20 Nov 2008 23:12:31 | WorldChanging Team | Worldchanging Interviews | Comments

joshuawolfe.jpg On Tuesday, we had lunch with Joshua Wolfe, president and founding member of GHG Photos, a new collaborative organization of leading climate change photographers.

He told us a lot about his job as a climate change photographer, which from what we could tell, is one of the more fascinating jobs around. Whether he's climbing mountains with 90 lbs of sensitive equipment and a stash of protein bars; gazing down dizzily through the lens from the window of a prop jet; or performing yet another death-defying feat to get that perfect glacial shot, Wolfe's work has put him face-to-face with more of the changing landscape than most people will ever see. His heartbreakingly beautiful photographs are proof.

But Wolfe and the other GHG photographers have a larger mission.

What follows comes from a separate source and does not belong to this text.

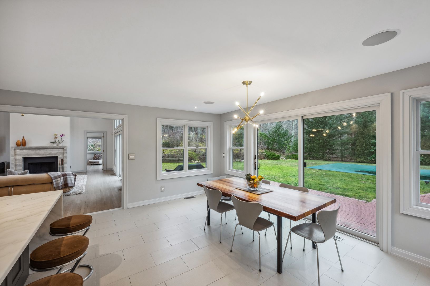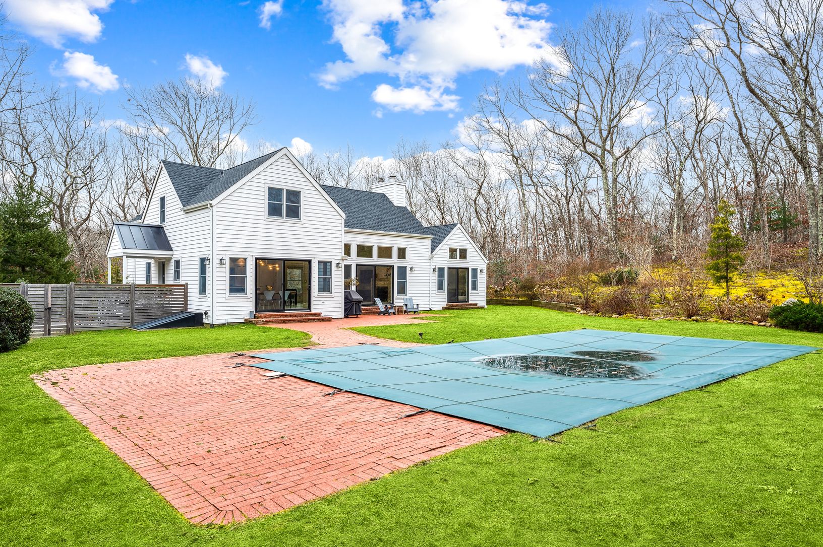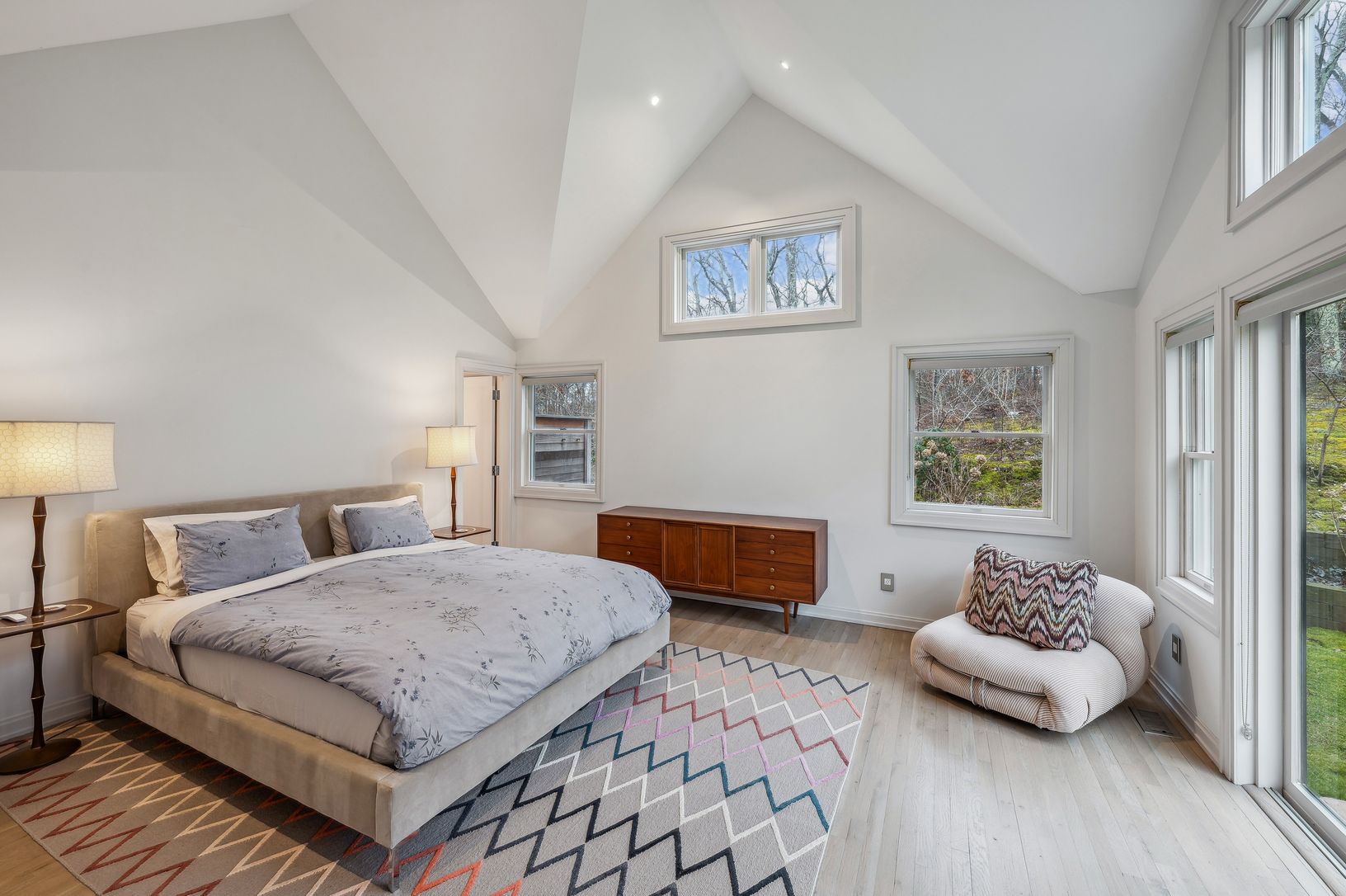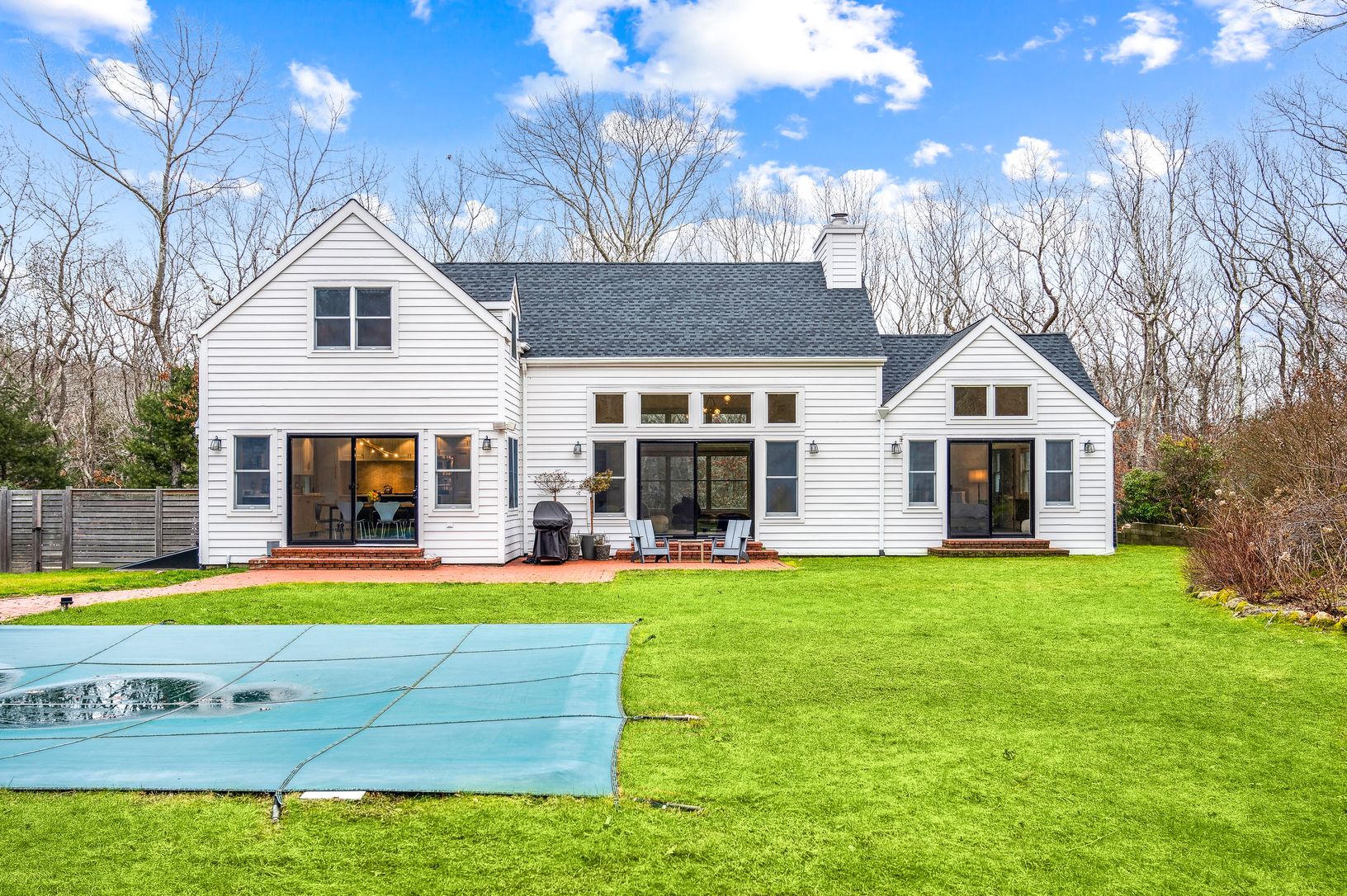 DESIGNER OASIS IN EAST HAMPTON. No detail was spared with the modern renovation of this impeccably styled, open, airy and light filled modern beach house set far back from the road. Tucked away on a private 1.1 acre in peaceful Northwest Harbor, backing to a reserve, located in the Hampton Waters Community with private bay beach access and community bulkhead/launching dock. Stunning open eat-in kitchen with sliders overlooking the heated salt

Through their photographs, they hope to help accelerate the conversation about climate change. The photographers routinely look to climate scientists, like those from Columbia University's Earth Institute, and veteran environmental journalists, like Andrew Revkin and Elizabeth Kolbert, to help tell the story of climate change more clearly through science. With images, science and words, they aim to give thousands of new people a better grasp of what is really happening, and why.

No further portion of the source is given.